PROBLEM TO SOLVE
Find the line holding "本次法拍节中,京东拍卖联合苏" in the entries below. Give it again exactly, along with every line after it up to and including the line holding "GAMDIAS AURA GC1".

PROVIDED INFORMATION
========================

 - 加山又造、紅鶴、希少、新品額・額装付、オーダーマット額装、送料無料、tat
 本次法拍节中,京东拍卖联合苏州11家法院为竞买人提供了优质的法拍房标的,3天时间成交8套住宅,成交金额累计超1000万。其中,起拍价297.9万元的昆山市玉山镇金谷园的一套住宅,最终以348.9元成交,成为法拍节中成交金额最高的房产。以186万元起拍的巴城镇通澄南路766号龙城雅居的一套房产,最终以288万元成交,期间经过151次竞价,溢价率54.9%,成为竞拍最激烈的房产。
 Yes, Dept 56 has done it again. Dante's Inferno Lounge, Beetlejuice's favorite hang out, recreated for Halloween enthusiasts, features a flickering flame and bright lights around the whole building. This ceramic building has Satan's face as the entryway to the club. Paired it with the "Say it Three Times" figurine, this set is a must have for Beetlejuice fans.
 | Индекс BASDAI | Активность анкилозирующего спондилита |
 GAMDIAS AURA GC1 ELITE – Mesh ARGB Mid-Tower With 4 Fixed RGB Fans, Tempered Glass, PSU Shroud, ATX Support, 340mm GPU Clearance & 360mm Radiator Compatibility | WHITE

========================

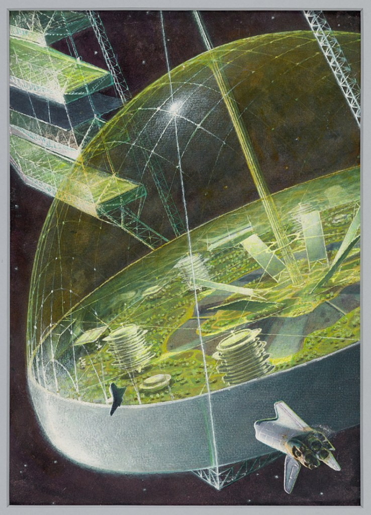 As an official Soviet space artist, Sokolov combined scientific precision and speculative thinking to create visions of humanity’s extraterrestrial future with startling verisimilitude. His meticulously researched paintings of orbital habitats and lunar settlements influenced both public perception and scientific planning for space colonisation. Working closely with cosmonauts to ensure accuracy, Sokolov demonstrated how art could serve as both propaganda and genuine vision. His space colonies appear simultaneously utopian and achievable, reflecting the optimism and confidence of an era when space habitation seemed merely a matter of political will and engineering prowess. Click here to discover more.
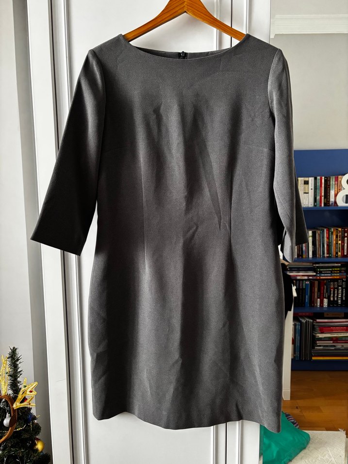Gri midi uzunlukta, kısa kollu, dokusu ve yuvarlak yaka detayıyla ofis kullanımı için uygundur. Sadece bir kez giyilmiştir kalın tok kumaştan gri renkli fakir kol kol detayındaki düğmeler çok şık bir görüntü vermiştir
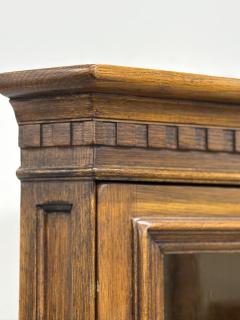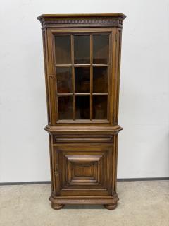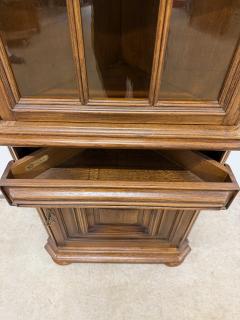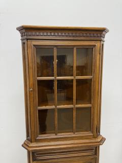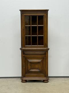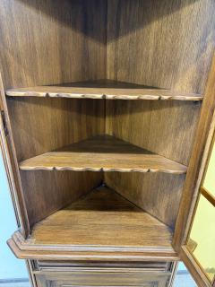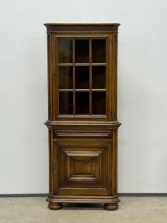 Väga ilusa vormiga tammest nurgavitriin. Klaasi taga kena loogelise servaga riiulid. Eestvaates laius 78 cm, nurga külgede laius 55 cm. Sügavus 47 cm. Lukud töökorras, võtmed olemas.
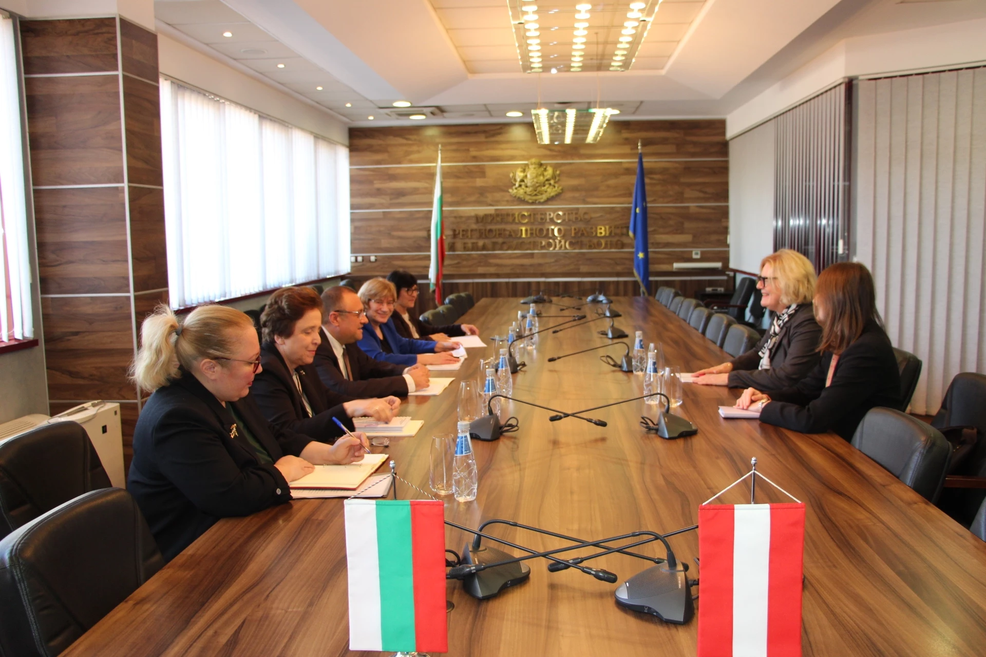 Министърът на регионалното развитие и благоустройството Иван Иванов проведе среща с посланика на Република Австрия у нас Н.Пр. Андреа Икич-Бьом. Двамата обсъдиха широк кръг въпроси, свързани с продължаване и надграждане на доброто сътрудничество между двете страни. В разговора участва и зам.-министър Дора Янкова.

========================

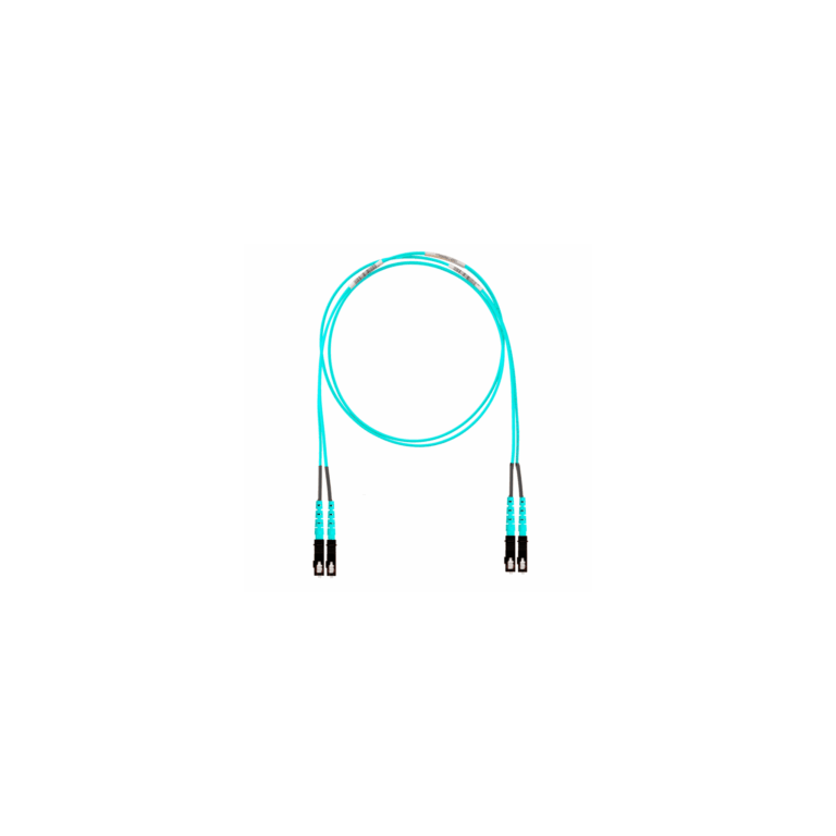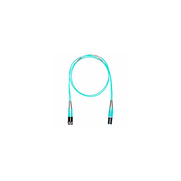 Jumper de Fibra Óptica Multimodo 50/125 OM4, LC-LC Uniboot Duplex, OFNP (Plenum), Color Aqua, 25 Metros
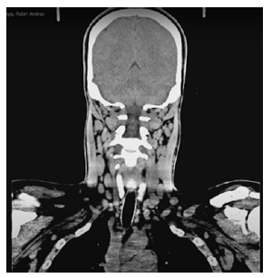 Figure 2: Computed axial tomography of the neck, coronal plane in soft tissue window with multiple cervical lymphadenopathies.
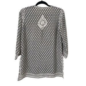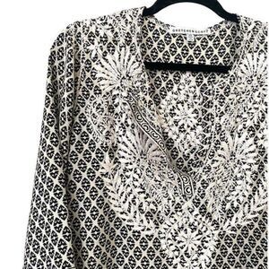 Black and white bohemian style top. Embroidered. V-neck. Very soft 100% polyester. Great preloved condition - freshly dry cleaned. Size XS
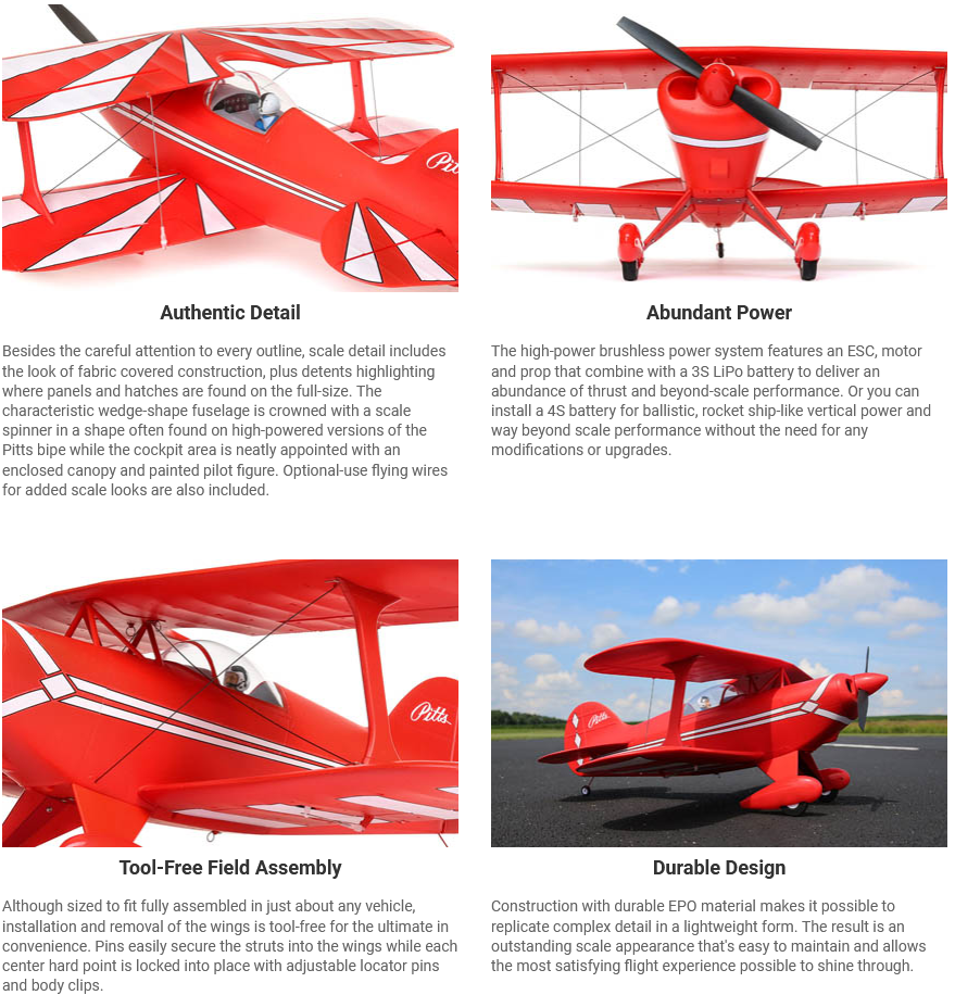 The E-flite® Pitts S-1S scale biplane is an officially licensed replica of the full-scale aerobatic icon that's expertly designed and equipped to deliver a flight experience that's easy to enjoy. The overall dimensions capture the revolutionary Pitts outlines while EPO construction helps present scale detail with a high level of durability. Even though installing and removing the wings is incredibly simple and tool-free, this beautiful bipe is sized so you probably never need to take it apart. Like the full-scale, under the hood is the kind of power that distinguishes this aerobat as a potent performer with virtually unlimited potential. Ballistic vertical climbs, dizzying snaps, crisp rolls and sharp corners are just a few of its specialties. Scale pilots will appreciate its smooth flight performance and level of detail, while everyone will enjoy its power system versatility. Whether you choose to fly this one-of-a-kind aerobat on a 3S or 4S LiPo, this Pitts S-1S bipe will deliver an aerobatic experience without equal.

========================

EXERCISE SOLUTION
 本次法拍节中,京东拍卖联合苏州11家法院为竞买人提供了优质的法拍房标的,3天时间成交8套住宅,成交金额累计超1000万。其中,起拍价297.9万元的昆山市玉山镇金谷园的一套住宅,最终以348.9元成交,成为法拍节中成交金额最高的房产。以186万元起拍的巴城镇通澄南路766号龙城雅居的一套房产,最终以288万元成交,期间经过151次竞价,溢价率54.9%,成为竞拍最激烈的房产。
 Yes, Dept 56 has done it again. Dante's Inferno Lounge, Beetlejuice's favorite hang out, recreated for Halloween enthusiasts, features a flickering flame and bright lights around the whole building. This ceramic building has Satan's face as the entryway to the club. Paired it with the "Say it Three Times" figurine, this set is a must have for Beetlejuice fans.
 | Индекс BASDAI | Активность анкилозирующего спондилита |
 GAMDIAS AURA GC1 ELITE – Mesh ARGB Mid-Tower With 4 Fixed RGB Fans, Tempered Glass, PSU Shroud, ATX Support, 340mm GPU Clearance & 360mm Radiator Compatibility | WHITE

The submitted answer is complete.